Солдаты согласно кивнули, неуклюже развернули коней на склонах, поросших увядшим вереском и высохшим золотарником; и, пришпорив их, вернулись в кавалерию отряда. Она выждала несколько секунд, пока они заговорили с командирами копьеносцев.

– Флориан, – она проверила, где ее знамя, увидела, что хвост бегущей толпы исчезает в лесу, заросшем остролистом, грабами и дубами; а штандарт визиготов не виден, остался где-то сзади, на опушке. – Давай, двигай свою жопу поближе к охотникам. Когда вернешься в город, все подготовь для раненых.

Хирург ее не слушала:

– Они возвращаются!

Толпа пеших и конных возвращалась. Пара гончих рвалась в сторону с поводков, их собачники бежали слишком быстро по очень неровной лесной земле.

Аш снесли в сторону, в заросли остролиста, и она переместила тяжесть тела вперед и тронула поводья.

Светлый гнедой повернул. Аш снова откинулась на спинку седла, детали набедренников лат скрипнули друг о друга, и она развернула лошадь. Теперь рядом с ней из знакомых был только сержант Рочестера и знамя, находившийся в одном-двух ярдах сбоку, а все всадники и пешие вокруг нее – чужие. Она рискнула взглянуть направо – и увидела вдалеке спины в форме Льва, въезжающие в густые заросли, – и бросила еще один взгляд назад.

Прямо позади нее оказались два всадника в тяжелых кольчугах из панцирных пластинок, отсвечивающих в лучах солнца, косо падающих между деревьями; где-то позади них в ветвях запутался визиготский штандарт, и там же бежало около полусотни пеших рабов с копьями.

Им не положено быть здесь! – проговорил кто-то сквозь зубы справа от Аш.
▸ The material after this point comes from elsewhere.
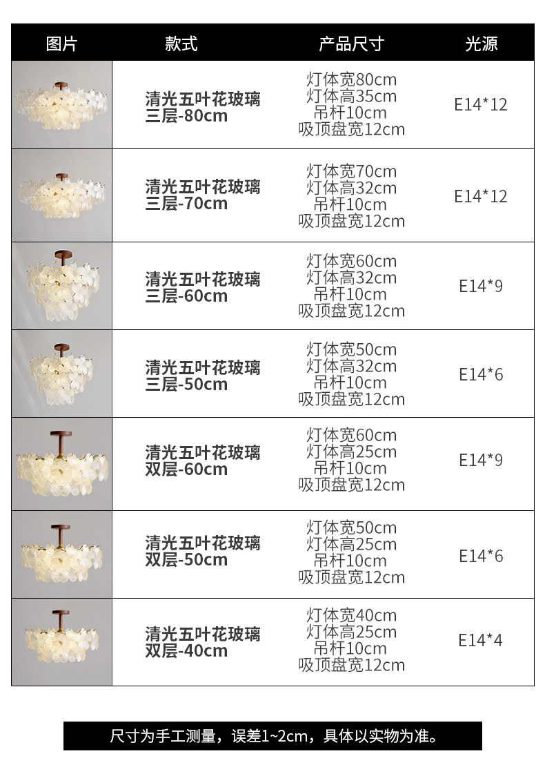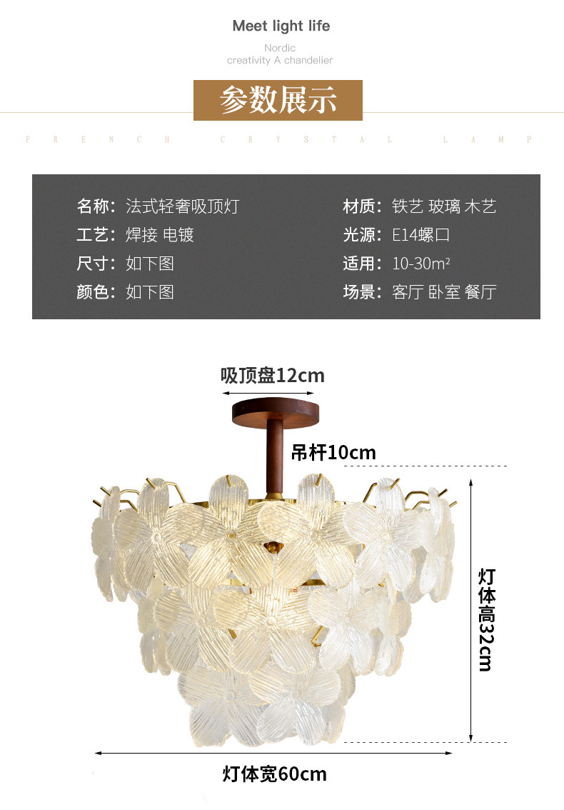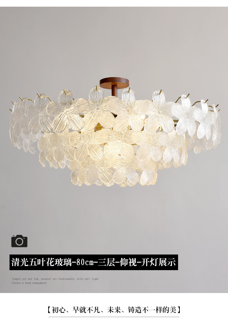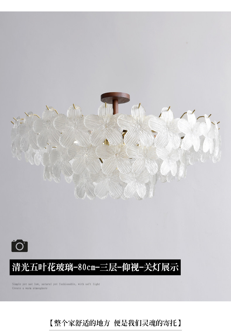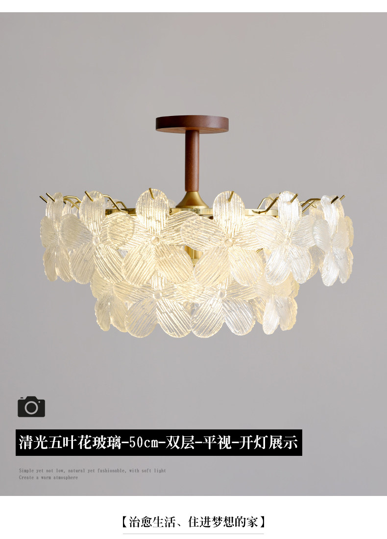 French-Style Vintage Chandelier, Retro Five-Leaf Flower Glass Living Room Lamp, Light Luxury and Warm Ambiance, 2026 New Model Bedroom Lighting

Развернувшись в седле, Аш увидела совсем рядом дамскую лошадь Джин Шалон.

– Да и вам тут нечего делать! – добавила дама, правда, не враждебно, но неодобрительно.

Теперь в толпе не было видно ни сестры-настоятельницы, ни Флоры. Аш крепко натянула поводья, а мерин вытаращил глаза и стучал копытами по склону, опускающемуся впереди него.

– Будем надеяться, что охота не будет возвращаться по этой дороге! – Аш улыбнулась миссис Шалон и большим пальцем указала ей на рабов, мчащихся мимо них через вереск и пни деревьев. – Что будет с Бургундией, если оленя убьет визигот?

– Они права не имеют, – Джин Шалон еще больше поджала губы. – Впрочем, как и вы, в ваших жилах нет ни капли бургундской крови! Это вам ничего не даст – никакого титула герцога!

Аш сдержала гнедого. По безлистным деревьям бежали струйки черной воды. Бледное солнце с неба бросало бледный свет на верхние ветви. Впереди мужчины в рейтузах, грязных по бедра, и женщины, подоткнувшие назад юбки с почерневшими от грязи подолами, терпеливо ждали своей очереди, чтобы перебраться через ручеек. Аш еще выше задрала забрало шлема.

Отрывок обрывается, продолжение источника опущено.